◆ **About this exercise**:
Go through the listing that follows and write it out exactly. Drop the pictures.

◆ **Dataset section**:
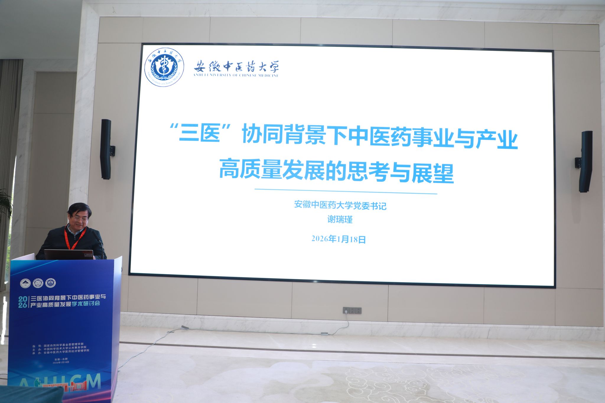 安徽中医药大学党委书记谢瑞瑾教授首先致辞,代表学校对各位领导、专家的莅临表示热烈欢迎。他强调,当前中医药事业和产业高质量发展亟需破题,希望借助此次研讨会,探索三医协同背景下中医药发展的新机制、新路径、新模式,为健康中国和中国式现代化建设作出新贡献。
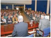 La intervención, ya por la tarde, del presidente del Cogiti cont? con una masiva y expectante asistencia. Vicente Martínez García desarrolló su conferencia en torno a dos interesantes temas: La transposición de la Directiva de Servicios e influencia de los colegios profesionales de Ingeniería y El acceso de los ingenieros técnicos industriales a los nuevos títulos de grado.
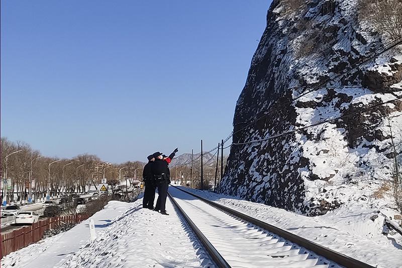 大風(fēng)天承接雨雪天,京承鐵路線上,呼嘯的寒風(fēng)吹起地面積雪,雪沫拍打在臉上冰涼刺骨。承德站派出所所長會亞君帶領(lǐng)民警來到線路的一處山體旁,“雨雪天開展線路督導(dǎo)檢查,要確保線路設(shè)備設(shè)施運(yùn)轉(zhuǎn)正常,還要防止周圍山體松動,落石影響行車”,會亞君告訴記者,在雪地里踏著石渣行進(jìn)很慢,一兩個小時身上就開始出汗,山風(fēng)一吹就更冷了。
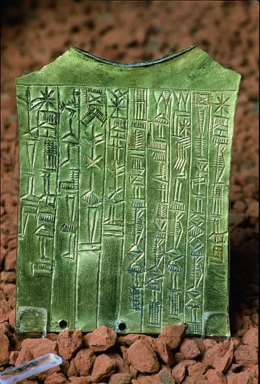 Cette grande unité économique, qui comporte champs, troupeaux, ateliers, greniers et magasins, n'englobe ni toute la terre de la cité ni toute sa main-d'œuvre, mais elle est la seule à avoir laissé des traces : c'est pour ses comptes et ses contrôles que l'on invente la première de toutes les écritures et le sceau de forme cylindrique qui, mieux que le cachet plat, couvre le tampon d'argile des portes et des récipients d'une empreinte continue qui en garantit l'intégrité. Attesté à Ourouk dès 3400 avant J.-C. environ, ce système graphique, qui est l'ancêtre de l'écriture cunéiforme, emploie dès avant 3000 avant J.-C. les signes phonétiques qui permettent d'y lire du sumérien.

◆ **Worked solution**:
 安徽中医药大学党委书记谢瑞瑾教授首先致辞,代表学校对各位领导、专家的莅临表示热烈欢迎。他强调,当前中医药事业和产业高质量发展亟需破题,希望借助此次研讨会,探索三医协同背景下中医药发展的新机制、新路径、新模式,为健康中国和中国式现代化建设作出新贡献。
 La intervención, ya por la tarde, del presidente del Cogiti cont? con una masiva y expectante asistencia. Vicente Martínez García desarrolló su conferencia en torno a dos interesantes temas: La transposición de la Directiva de Servicios e influencia de los colegios profesionales de Ingeniería y El acceso de los ingenieros técnicos industriales a los nuevos títulos de grado.
 大風(fēng)天承接雨雪天,京承鐵路線上,呼嘯的寒風(fēng)吹起地面積雪,雪沫拍打在臉上冰涼刺骨。承德站派出所所長會亞君帶領(lǐng)民警來到線路的一處山體旁,“雨雪天開展線路督導(dǎo)檢查,要確保線路設(shè)備設(shè)施運(yùn)轉(zhuǎn)正常,還要防止周圍山體松動,落石影響行車”,會亞君告訴記者,在雪地里踏著石渣行進(jìn)很慢,一兩個小時身上就開始出汗,山風(fēng)一吹就更冷了。
 Cette grande unité économique, qui comporte champs, troupeaux, ateliers, greniers et magasins, n'englobe ni toute la terre de la cité ni toute sa main-d'œuvre, mais elle est la seule à avoir laissé des traces : c'est pour ses comptes et ses contrôles que l'on invente la première de toutes les écritures et le sceau de forme cylindrique qui, mieux que le cachet plat, couvre le tampon d'argile des portes et des récipients d'une empreinte continue qui en garantit l'intégrité. Attesté à Ourouk dès 3400 avant J.-C. environ, ce système graphique, qui est l'ancêtre de l'écriture cunéiforme, emploie dès avant 3000 avant J.-C. les signes phonétiques qui permettent d'y lire du sumérien.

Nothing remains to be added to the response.